→ Material for this task:
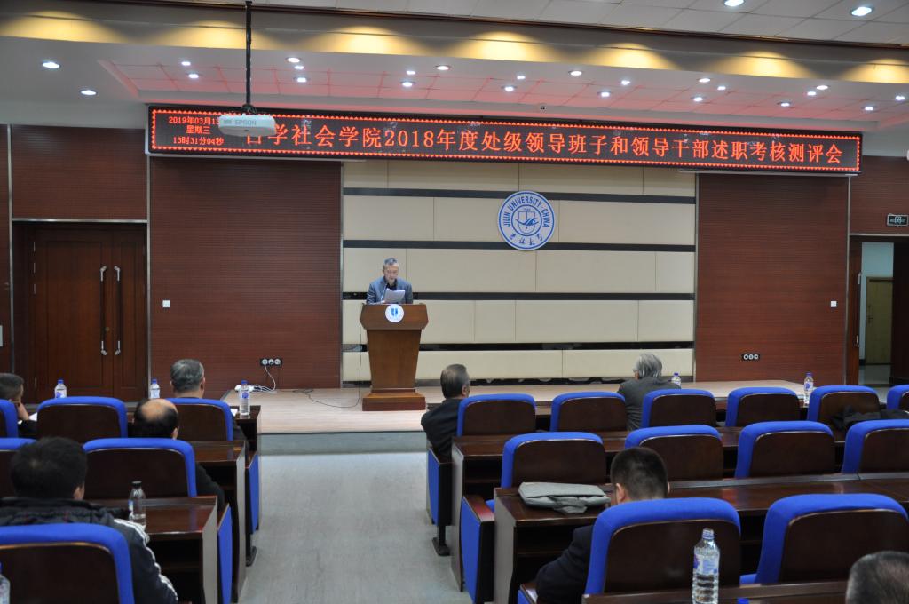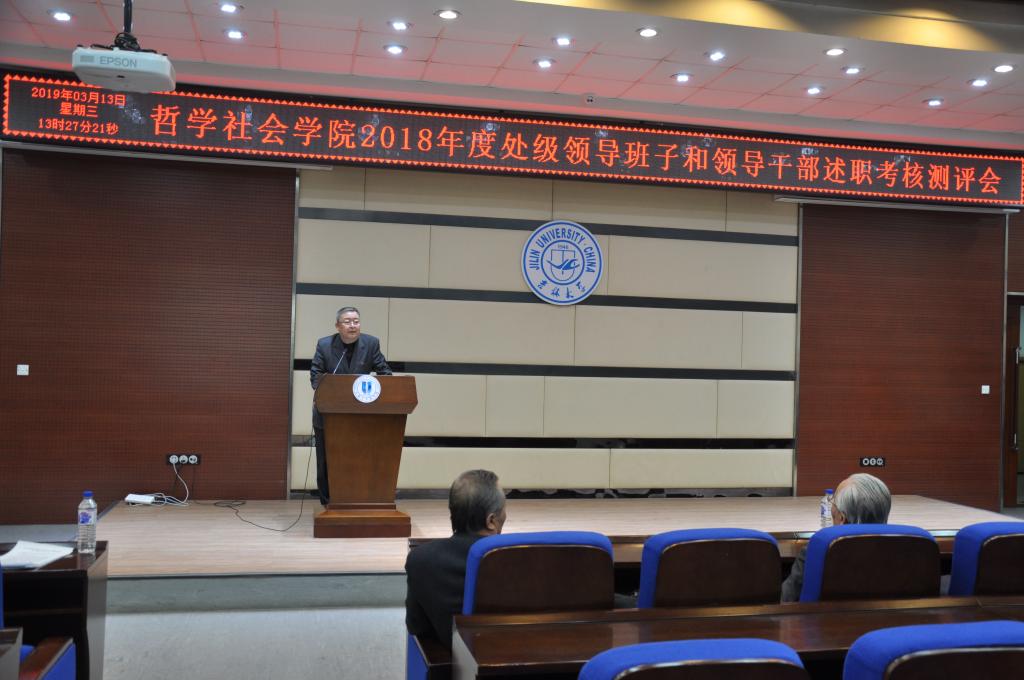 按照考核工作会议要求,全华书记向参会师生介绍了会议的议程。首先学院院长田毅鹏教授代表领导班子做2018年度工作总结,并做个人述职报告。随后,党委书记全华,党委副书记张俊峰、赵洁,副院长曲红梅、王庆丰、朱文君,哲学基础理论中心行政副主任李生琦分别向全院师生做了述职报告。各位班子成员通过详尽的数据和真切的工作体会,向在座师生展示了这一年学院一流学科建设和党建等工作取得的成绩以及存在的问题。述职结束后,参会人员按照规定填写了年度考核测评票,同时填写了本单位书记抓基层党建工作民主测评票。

---

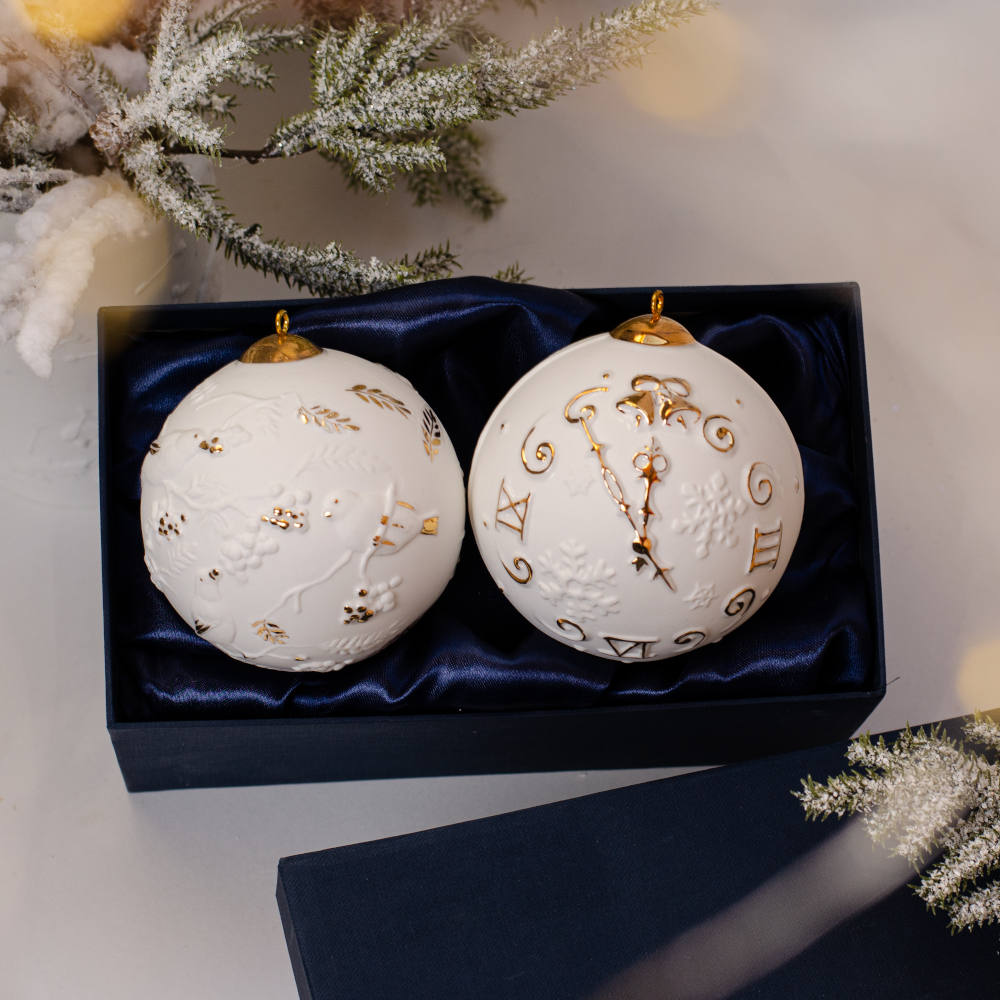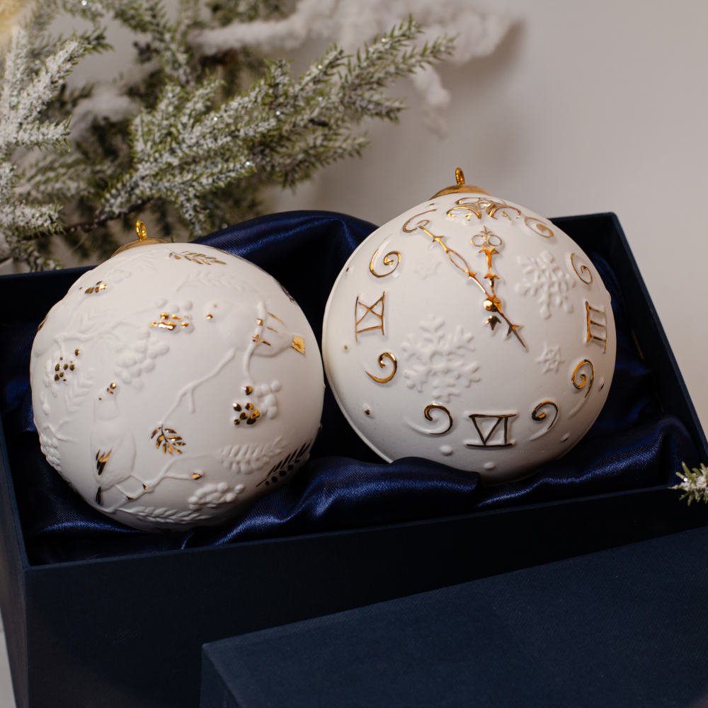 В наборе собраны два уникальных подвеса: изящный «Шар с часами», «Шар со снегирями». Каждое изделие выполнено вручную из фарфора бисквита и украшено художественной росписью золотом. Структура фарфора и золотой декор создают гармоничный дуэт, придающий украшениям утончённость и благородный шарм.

---

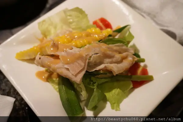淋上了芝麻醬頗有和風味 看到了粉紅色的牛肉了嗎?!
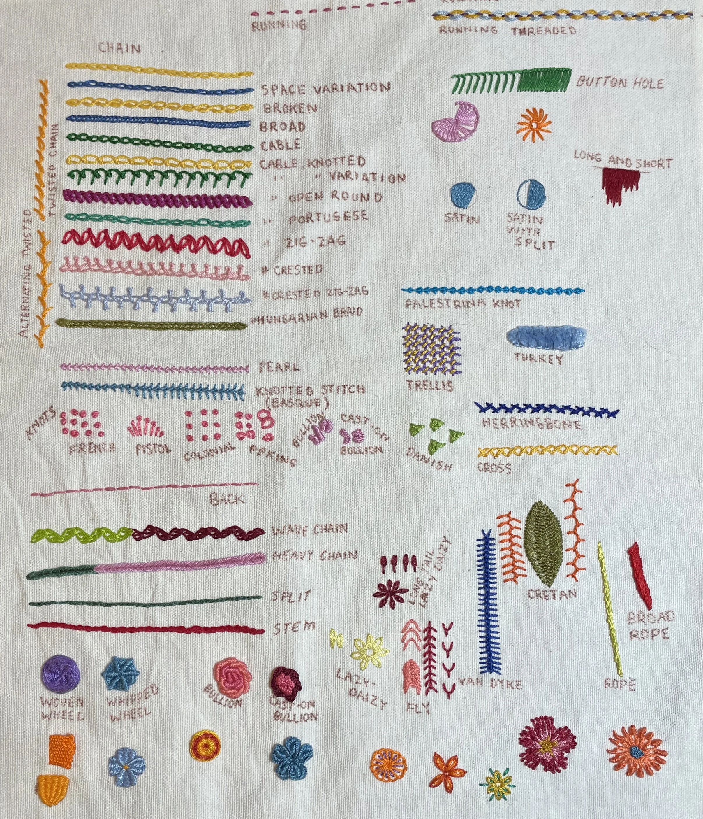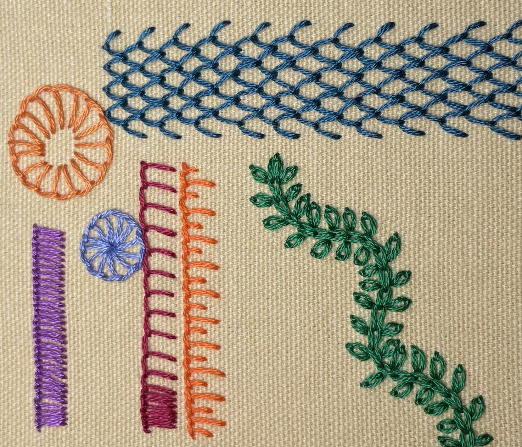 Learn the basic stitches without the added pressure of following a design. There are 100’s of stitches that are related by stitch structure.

→ Exercise requirements:
In the listing above, find the line with "淋上了芝麻醬頗有和風味 看到了粉紅色的牛肉了嗎?!" and output it and every line after it up to and including the line with "Learn the basic", exactly, minus the pictures.

→ Response box:
淋上了芝麻醬頗有和風味 看到了粉紅色的牛肉了嗎?!
 Learn the basic stitches without the added pressure of following a design. There are 100’s of stitches that are related by stitch structure.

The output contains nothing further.